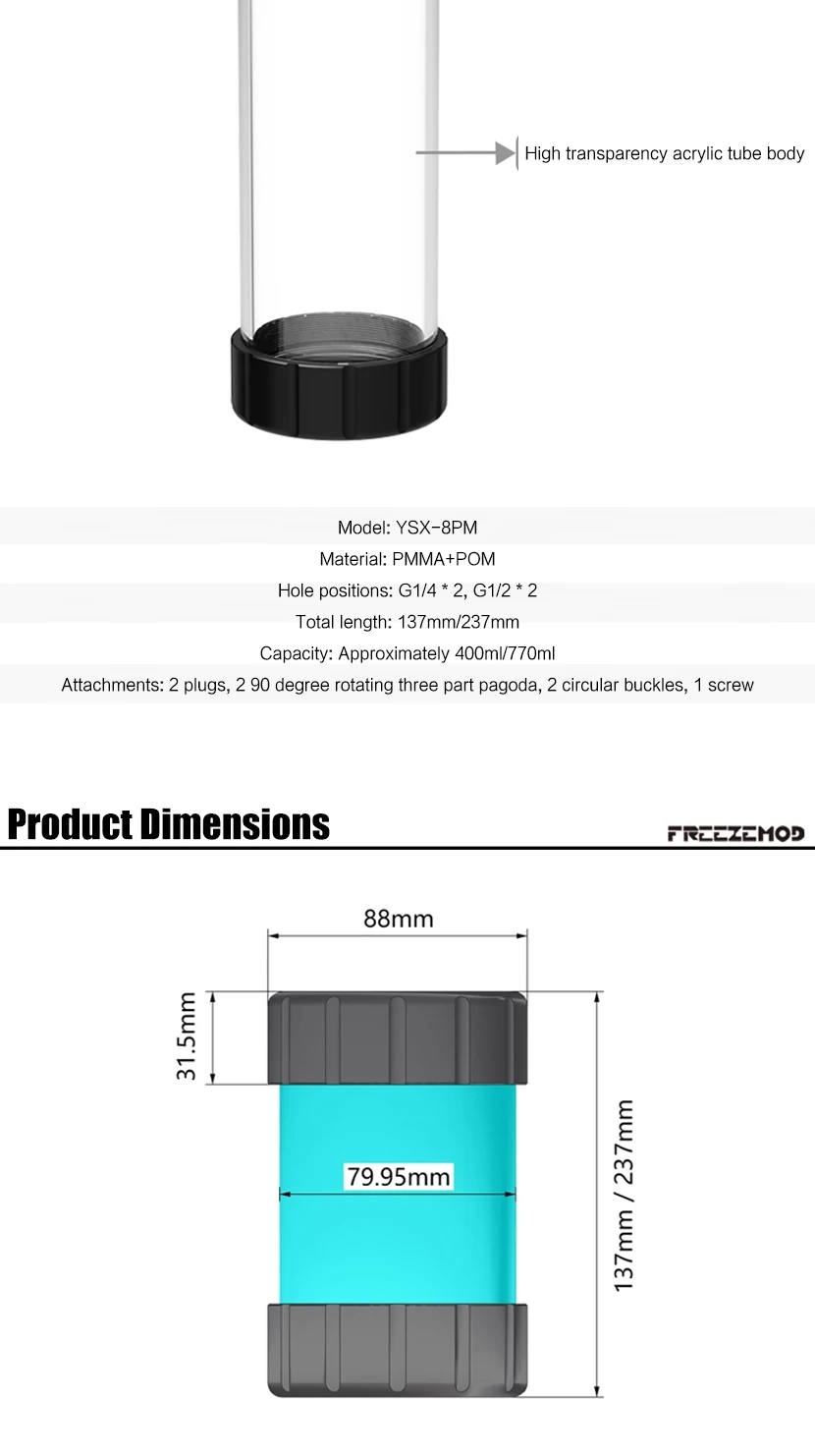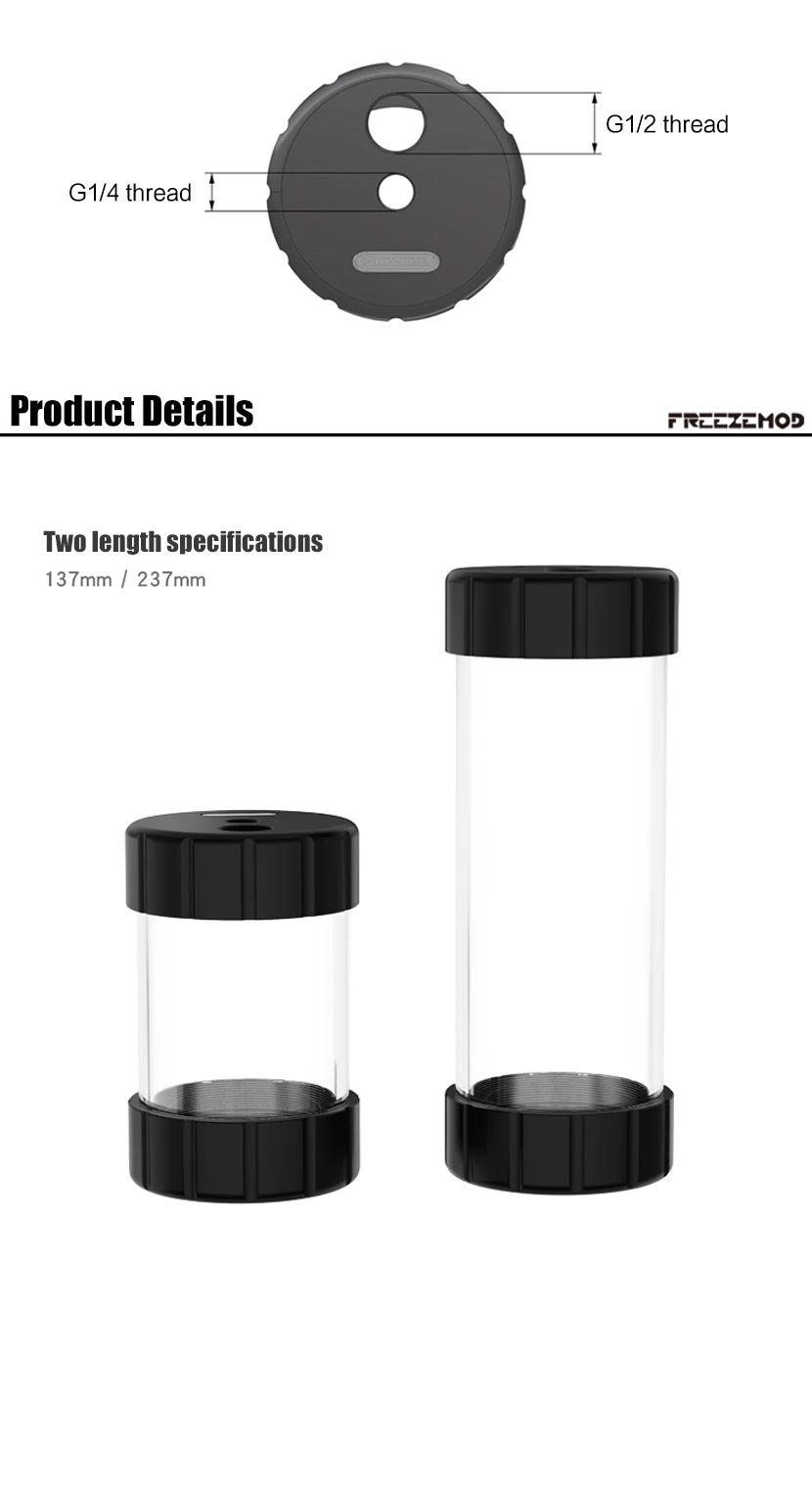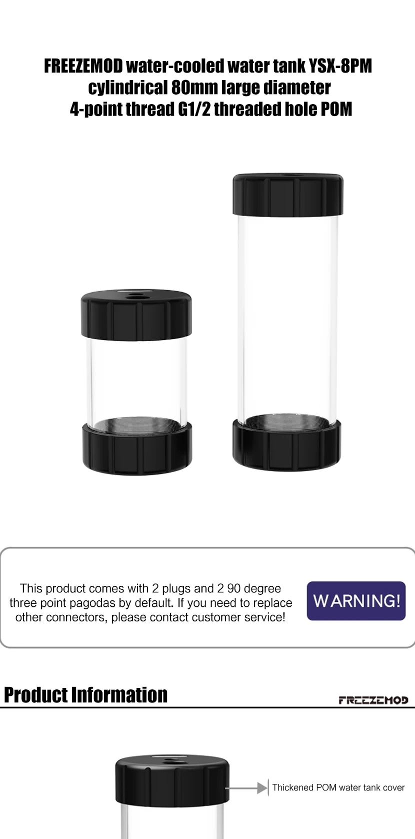FREEZEMOD Depósito de enfriamiento por agua Depósito cilíndrico grande con diámetro exterior de 80 mm, 130 mm/230 mm de longitud, 2 roscas G1/2'', YSX-8PM
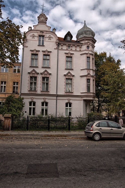 Eklektyczna kamienica z końca XIX w. z bogato zdobionymi elewacjami zaopatrzonymi w szczyty.
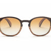 5Calling all round-lens revolutionists... meet Riva – the design that’s making retro, relevant. With the latest innovation, the new Riva is made with our latest multi-layered design with an extra mid-layer of eco-fibre for that added strength and durability. We've also introduced a discreet opening screw, to allow for prescription lenses. Crafted using a two toned ebony and zebra wood, these beautiful glasses boast a faded ombre frame to match the brown gradient lenses it surrounds. Metal logo detailing gives that urban feel to this rurally inspired design. Although the frame might be faded, the style is as vivid as it gets.
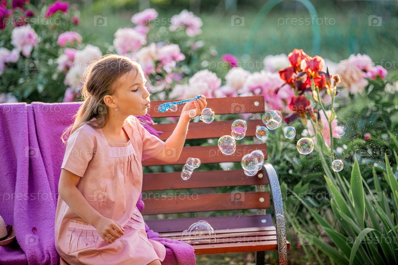 Девушка пускает мыльные пузыри на фоне цветов в саду. На лице эмоции удивления и восхищения
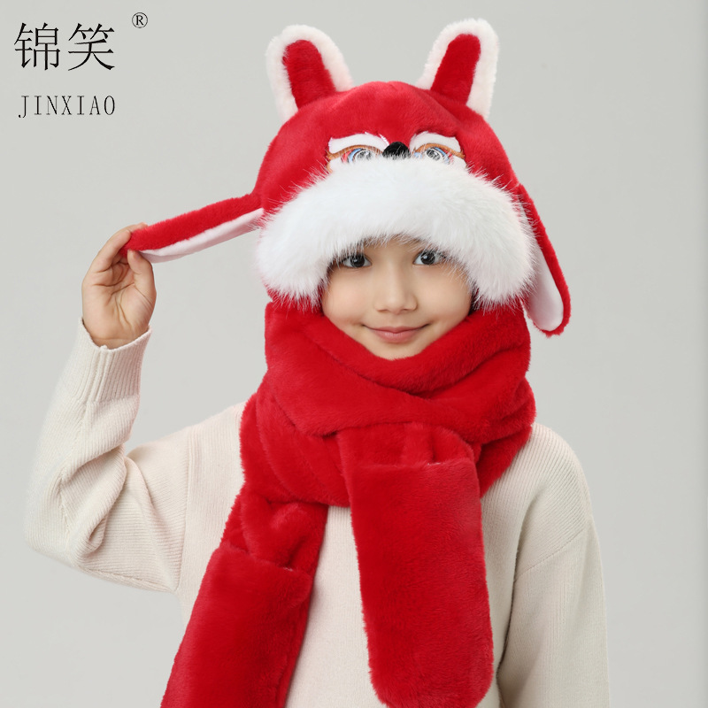 冬の新型の赤いぬいぐるみが目を覚ますライオンの帽子男の子の女の子の帽子のマフラーの手袋の3つのセットの国の潮のお祝いの帽子
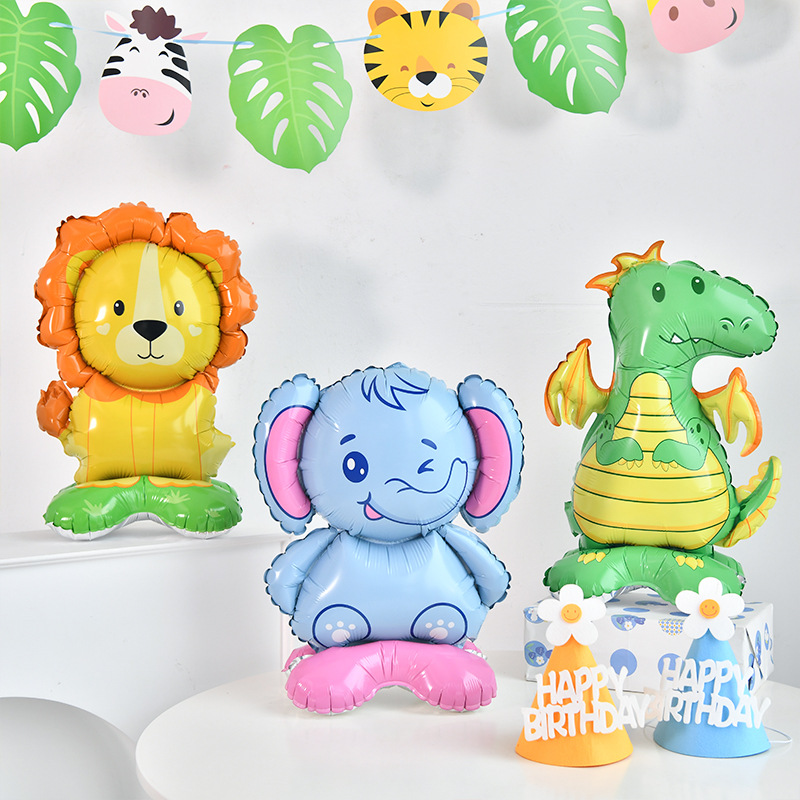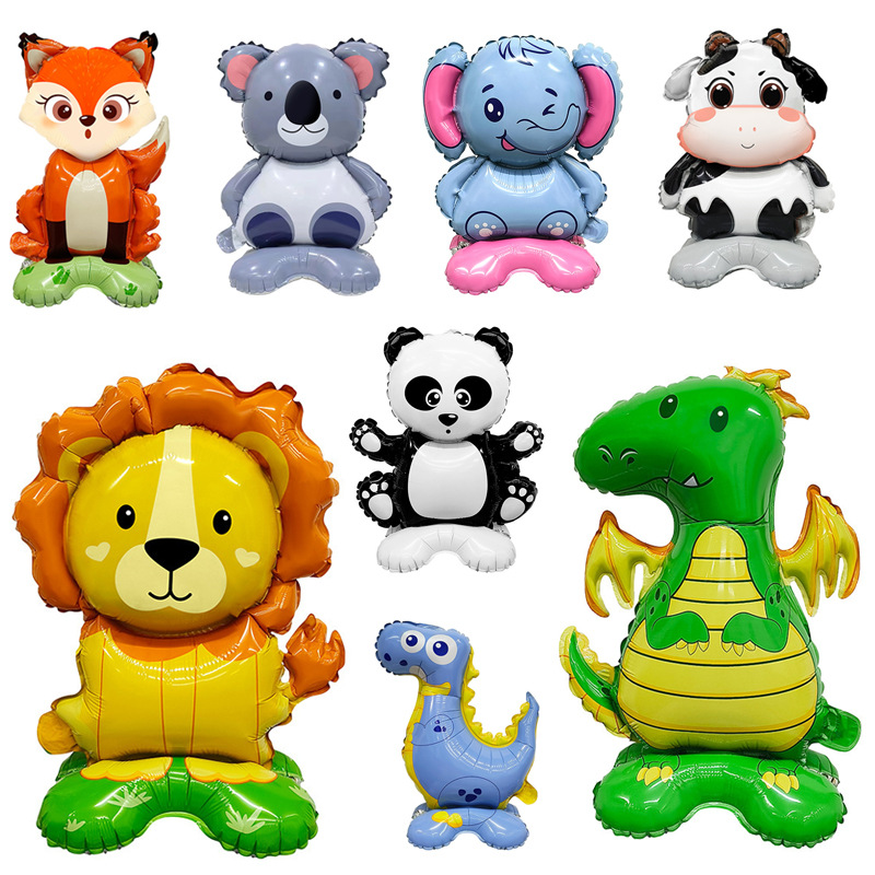 网红可站立底座卡通动物铝膜气球活动地推引流派对布置桌面装饰
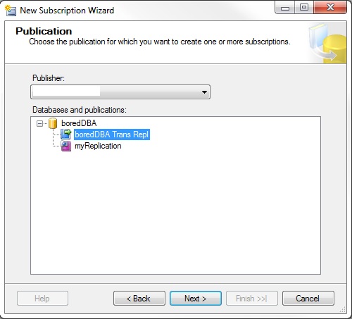 Note that if you are starting this wizard from the publisher than just select the database and publication and you’re done. If you are starting the wizard from a subscriber then you will need to use the drop down to connect to the publisher:
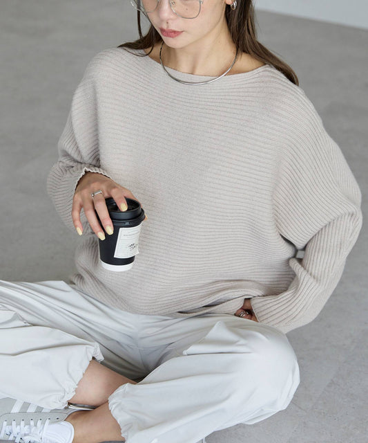 ボトルネックリブニットプルオーバー

◆ Instructions to follow ◆
Could you retype all the entries above exactly, without the pictures?

◆ Response ◆
FREEZEMOD Depósito de enfriamiento por agua Depósito cilíndrico grande con diámetro exterior de 80 mm, 130 mm/230 mm de longitud, 2 roscas G1/2'', YSX-8PM
 Eklektyczna kamienica z końca XIX w. z bogato zdobionymi elewacjami zaopatrzonymi w szczyty.
 5Calling all round-lens revolutionists... meet Riva – the design that’s making retro, relevant. With the latest innovation, the new Riva is made with our latest multi-layered design with an extra mid-layer of eco-fibre for that added strength and durability. We've also introduced a discreet opening screw, to allow for prescription lenses. Crafted using a two toned ebony and zebra wood, these beautiful glasses boast a faded ombre frame to match the brown gradient lenses it surrounds. Metal logo detailing gives that urban feel to this rurally inspired design. Although the frame might be faded, the style is as vivid as it gets.
 Девушка пускает мыльные пузыри на фоне цветов в саду. На лице эмоции удивления и восхищения
 冬の新型の赤いぬいぐるみが目を覚ますライオンの帽子男の子の女の子の帽子のマフラーの手袋の3つのセットの国の潮のお祝いの帽子
 网红可站立底座卡通动物铝膜气球活动地推引流派对布置桌面装饰
 Note that if you are starting this wizard from the publisher than just select the database and publication and you’re done. If you are starting the wizard from a subscriber then you will need to use the drop down to connect to the publisher:
 ボトルネックリブニットプルオーバー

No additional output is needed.